### Source data
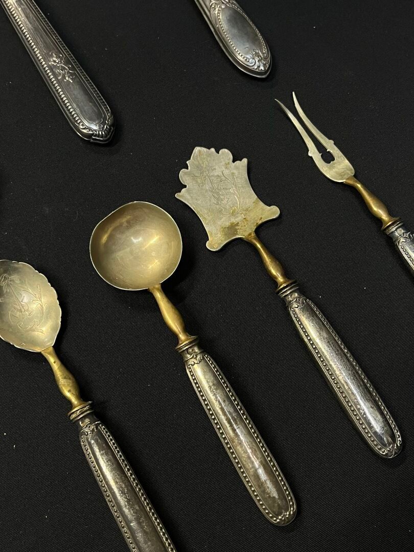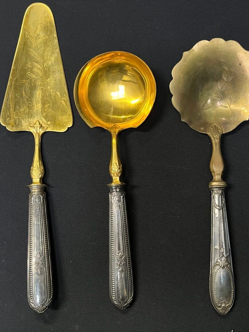 SET of four serving pieces with silver handles decorated with a frieze of pearls.
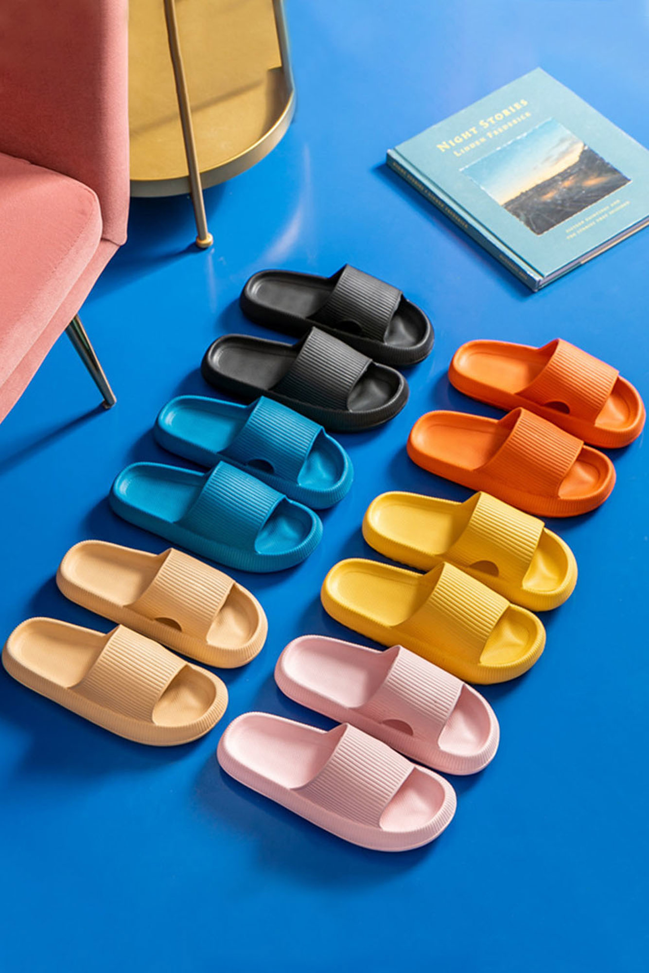 Step into Azaria Soled Slip On Slippers for an effortless look that feels as good as it looks. Hollow-out slippers make wearers toes to breathe freely Textured pattern provides delicate look and have anti slip effect The thick sole provides cushioning for wearer's feet Slip-on design makes it easy to put on and take off slippers are available in several colors to suit any style Material: 100%PVC.
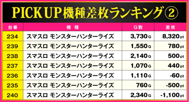 この日は、人気のスマスロを中心に多数の好調台を確認。そんな中、『スマスロスーパーブラックジャック』が万枚超の+11,810ptを叩き出しランキングトップに。次いで『スマスロ モンスターハンターライズ』から+8,320pt、『Lパチスロ炎炎ノ消防隊』から+7,380ptといったハイスコアが発生している。
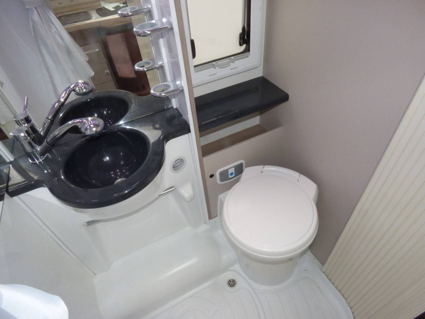 Sleeping accommodation is in the large rear fixed bed, with washroom including cassette w.c. head height shower, sink and vanity unit. The front dinette with two forward facing seats with seatbelts can also be converted into a berth. The front seats swivel to face the table and dinette area which can seat 5. The kitchen area has microwave, 3 ring gas hob, sink and fridge. A Truma boiler heats the water and there is a diesel heater which is very efficient in terms of speed and cost. The vehicle will be sold with a gas bottle (not in photos).

### What is being asked
The entire listing is to be printed exactly, with each picture omitted.

### Task solution
 SET of four serving pieces with silver handles decorated with a frieze of pearls.
 Step into Azaria Soled Slip On Slippers for an effortless look that feels as good as it looks. Hollow-out slippers make wearers toes to breathe freely Textured pattern provides delicate look and have anti slip effect The thick sole provides cushioning for wearer's feet Slip-on design makes it easy to put on and take off slippers are available in several colors to suit any style Material: 100%PVC.
 この日は、人気のスマスロを中心に多数の好調台を確認。そんな中、『スマスロスーパーブラックジャック』が万枚超の+11,810ptを叩き出しランキングトップに。次いで『スマスロ モンスターハンターライズ』から+8,320pt、『Lパチスロ炎炎ノ消防隊』から+7,380ptといったハイスコアが発生している。
 Sleeping accommodation is in the large rear fixed bed, with washroom including cassette w.c. head height shower, sink and vanity unit. The front dinette with two forward facing seats with seatbelts can also be converted into a berth. The front seats swivel to face the table and dinette area which can seat 5. The kitchen area has microwave, 3 ring gas hob, sink and fridge. A Truma boiler heats the water and there is a diesel heater which is very efficient in terms of speed and cost. The vehicle will be sold with a gas bottle (not in photos).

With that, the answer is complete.